- Required work -
Set down, please, exactly the lines below that run from the line with "- Hassle-free mobility" to the line with "AK Neukirchen am", both lines included.

===== Information shown =====

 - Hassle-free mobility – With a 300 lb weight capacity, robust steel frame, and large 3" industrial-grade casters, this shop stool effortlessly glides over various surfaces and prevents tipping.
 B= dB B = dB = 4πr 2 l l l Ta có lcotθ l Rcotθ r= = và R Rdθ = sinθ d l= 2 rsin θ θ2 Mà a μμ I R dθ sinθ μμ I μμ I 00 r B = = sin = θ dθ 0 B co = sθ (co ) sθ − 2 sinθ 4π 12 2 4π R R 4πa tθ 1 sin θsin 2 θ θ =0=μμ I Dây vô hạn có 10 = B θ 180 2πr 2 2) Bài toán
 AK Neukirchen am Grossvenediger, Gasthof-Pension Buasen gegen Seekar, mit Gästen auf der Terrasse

=====
===== Information shown =====

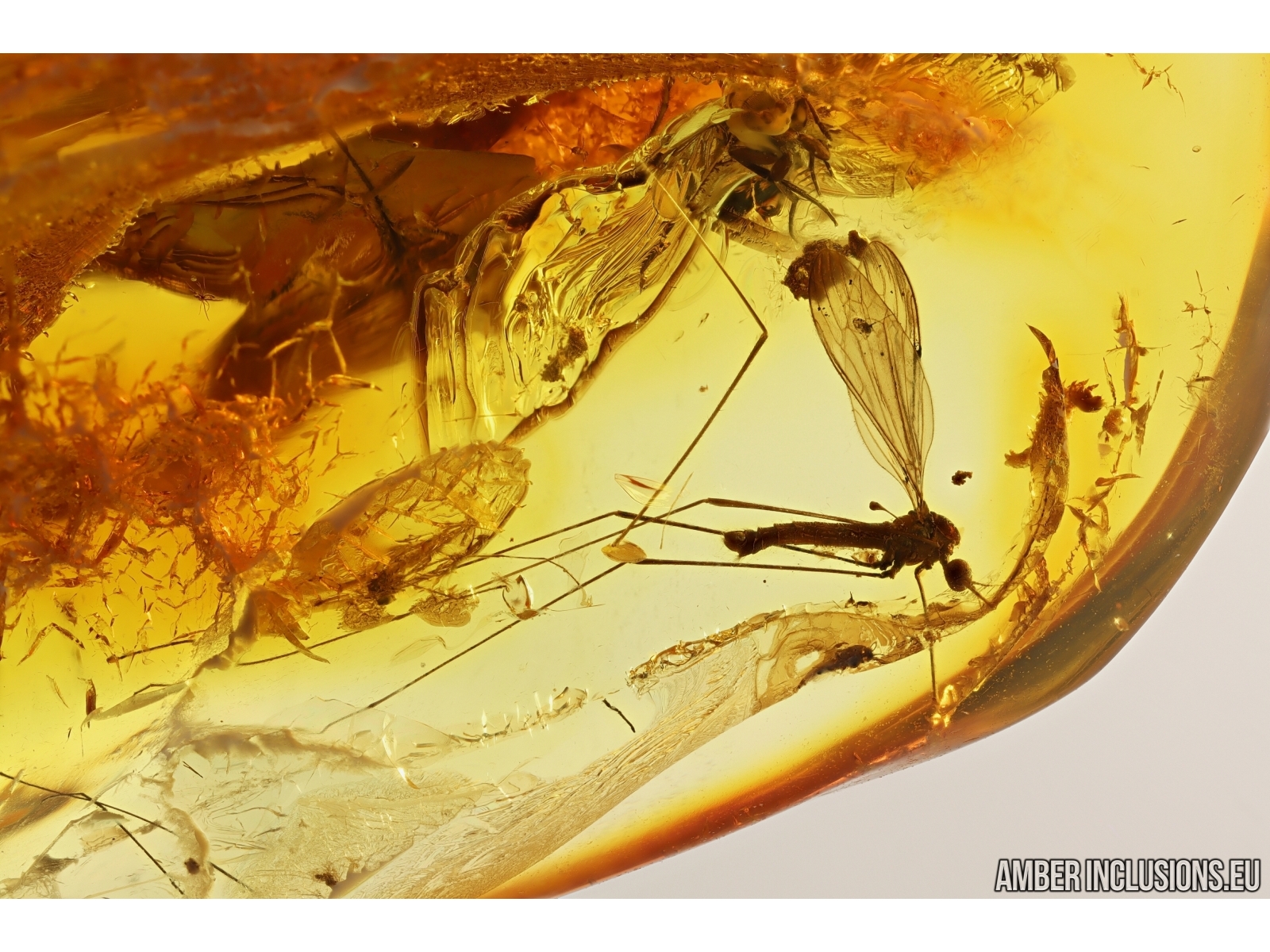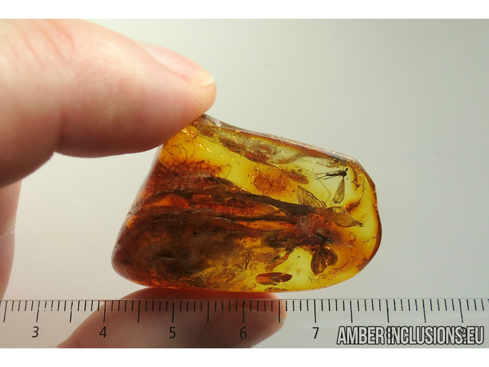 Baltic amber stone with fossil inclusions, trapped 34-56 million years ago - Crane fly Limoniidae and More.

=====

- Completed exercise -
 - Hassle-free mobility – With a 300 lb weight capacity, robust steel frame, and large 3" industrial-grade casters, this shop stool effortlessly glides over various surfaces and prevents tipping.
 B= dB B = dB = 4πr 2 l l l Ta có lcotθ l Rcotθ r= = và R Rdθ = sinθ d l= 2 rsin θ θ2 Mà a μμ I R dθ sinθ μμ I μμ I 00 r B = = sin = θ dθ 0 B co = sθ (co ) sθ − 2 sinθ 4π 12 2 4π R R 4πa tθ 1 sin θsin 2 θ θ =0=μμ I Dây vô hạn có 10 = B θ 180 2πr 2 2) Bài toán
 AK Neukirchen am Grossvenediger, Gasthof-Pension Buasen gegen Seekar, mit Gästen auf der Terrasse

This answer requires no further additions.